DATA RECORDS ▸
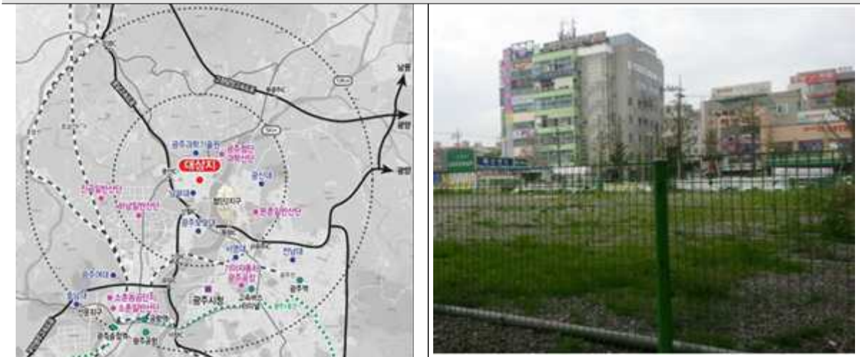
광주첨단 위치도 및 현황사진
* * *
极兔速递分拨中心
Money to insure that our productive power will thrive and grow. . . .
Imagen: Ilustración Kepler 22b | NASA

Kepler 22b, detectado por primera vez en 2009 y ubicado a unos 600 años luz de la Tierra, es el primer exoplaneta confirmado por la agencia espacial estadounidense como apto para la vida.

PROBLEM ▸ Beginning at the line above with "Money to insure" and finishing at the line with "Kepler 22b, detectado", return each line exactly and return nothing else.

FINISHED EXERCISE ▸
Money to insure that our productive power will thrive and grow. . . .
Imagen: Ilustración Kepler 22b | NASA

Kepler 22b, detectado por primera vez en 2009 y ubicado a unos 600 años luz de la Tierra, es el primer exoplaneta confirmado por la agencia espacial estadounidense como apto para la vida.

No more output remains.